I Am the Luckiest

Kit looks like a perfect cross between his two older brothers at this age, and he’s just the cheeriest baby I’ve ever met in my life. He smiles at the drop of a hat, and he coos and chirps and is just generally a sweetheart. His pediatrician diagnosed him with “happy GERD”—he has a lot of reflux, he spits up like crazy and chokes and coughs pretty frequently, but none of it seems to bother him. Last week he wasn’t able to sleep for hours and hours and the next day we realized that it was because he had a tooth coming in. I hadn’t guessed because he didn’t seem angry, or to be in pain; he was just tired and increasingly frustrated that he couldn’t stay asleep for more than a few minutes. Not that he doesn’t do any screaming, but really, I keep being surprised by how good-natured he is.

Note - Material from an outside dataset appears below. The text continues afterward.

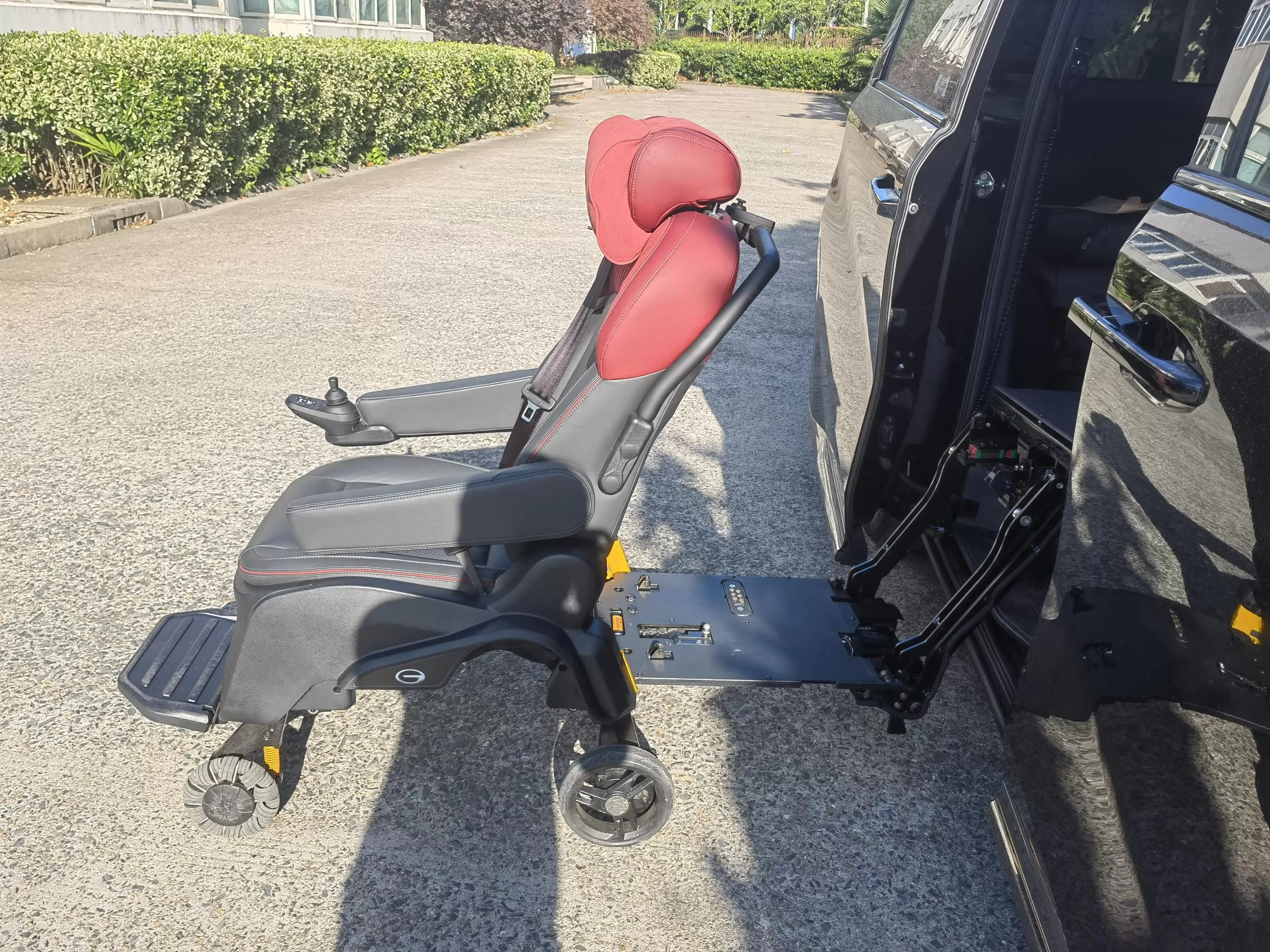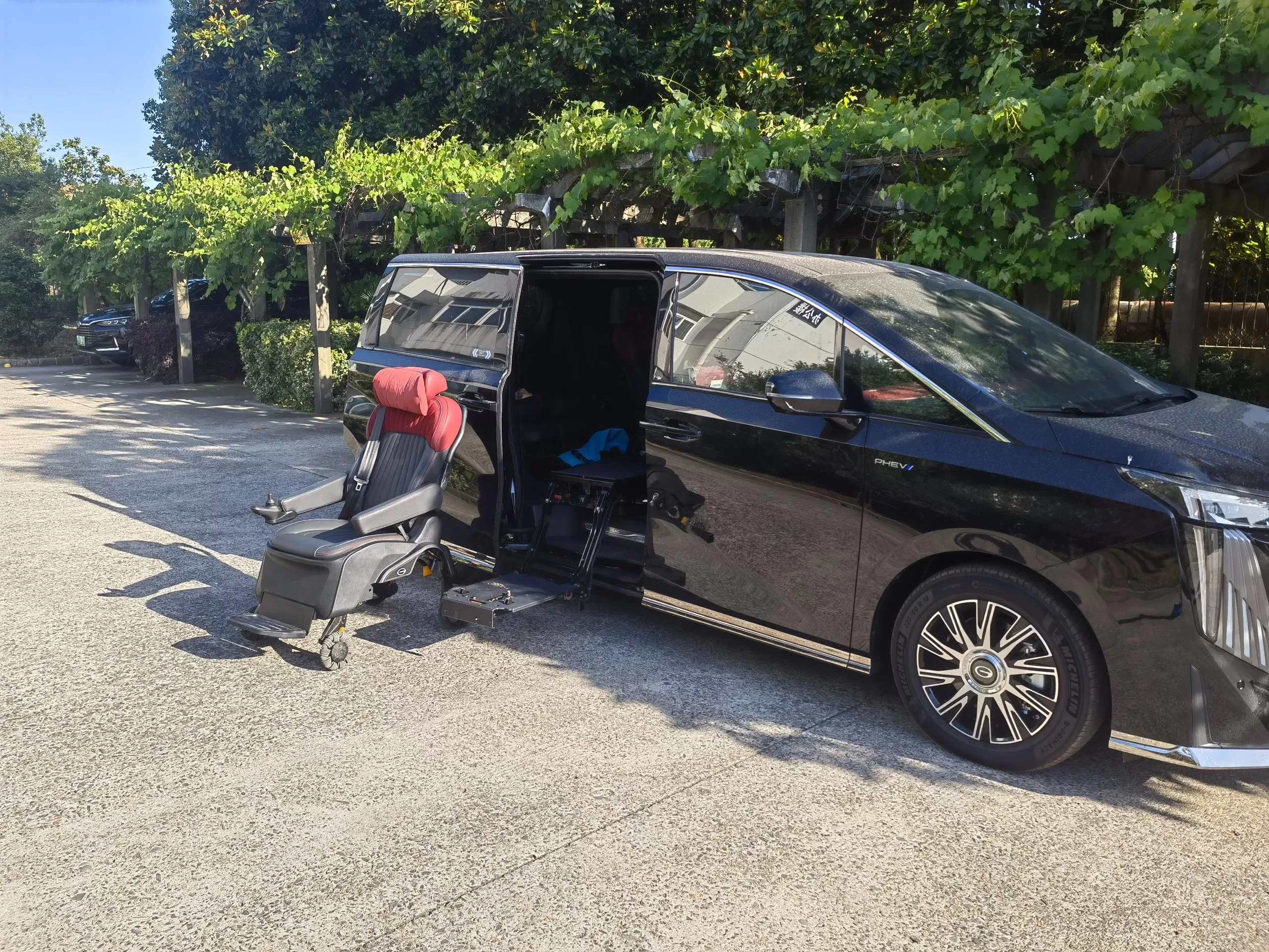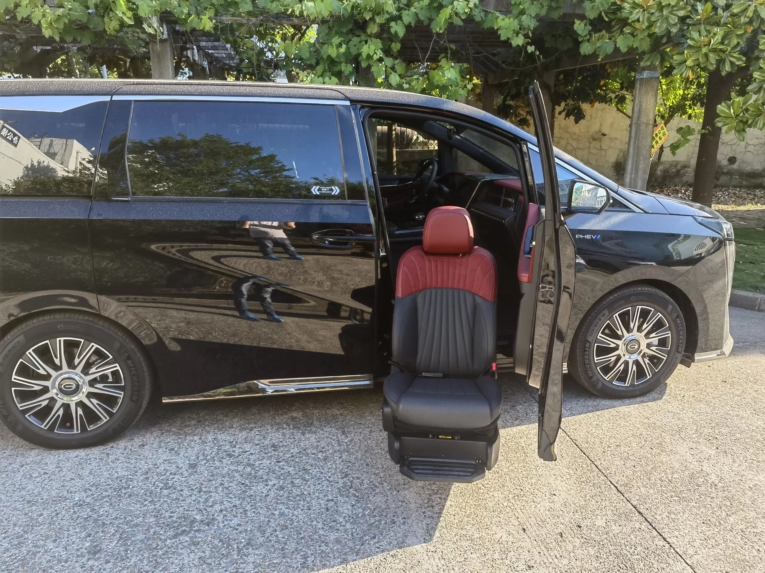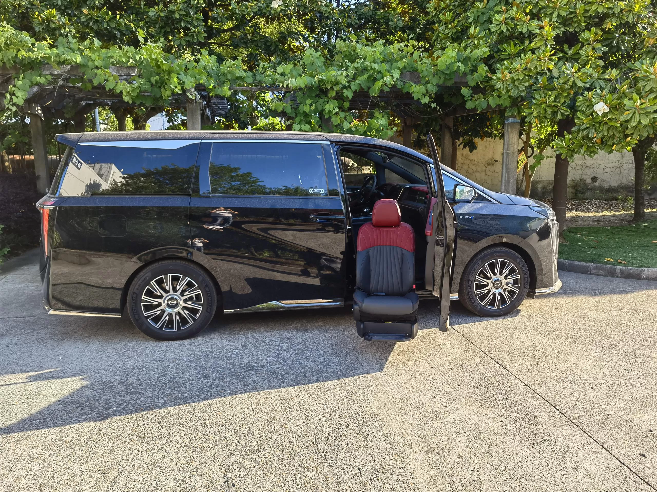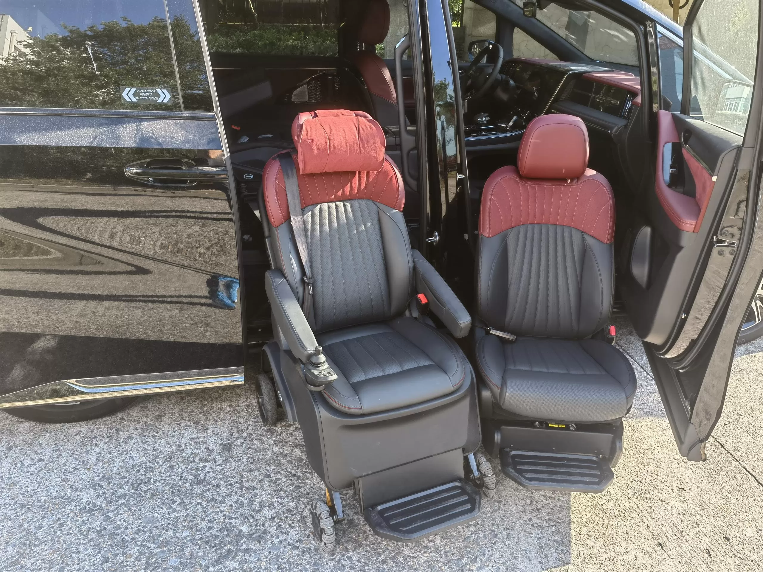 Detalhes: Este novo E9 de energia Trumpchi foi modificado com um assento de bem-estar dividido Xinder-tech na fila do meio, equipado com um assento móvel elétrico, o mesmo interior do assento do carro original, e controlado por um controlador de mão com fio; o novo assento giratório V2 foi modificado no assento do co-piloto, O assento do carro original foi modificado, o interior não foi alterado e um controlador manual com fio o controla.

Joey is still a treat, albeit a treat with a lot on his plate. He wants to nurse constantly, and whenever I turn him down—which sometimes I just have to—he bursts into tears. A few days ago I ended up nursing both boys at the same time, which I had planned never to do. Parenting reminds me every so often, very clearly, that I am an animal; looking down at two nurslings and hearing their little snurfing noises was one of those times. At one point, Kit started to fuss, and Joey reached over and patted his back. It’s hard for him, feeling as though he has to compete with the baby—but he keeps reaching out to Kit with affection and gentleness.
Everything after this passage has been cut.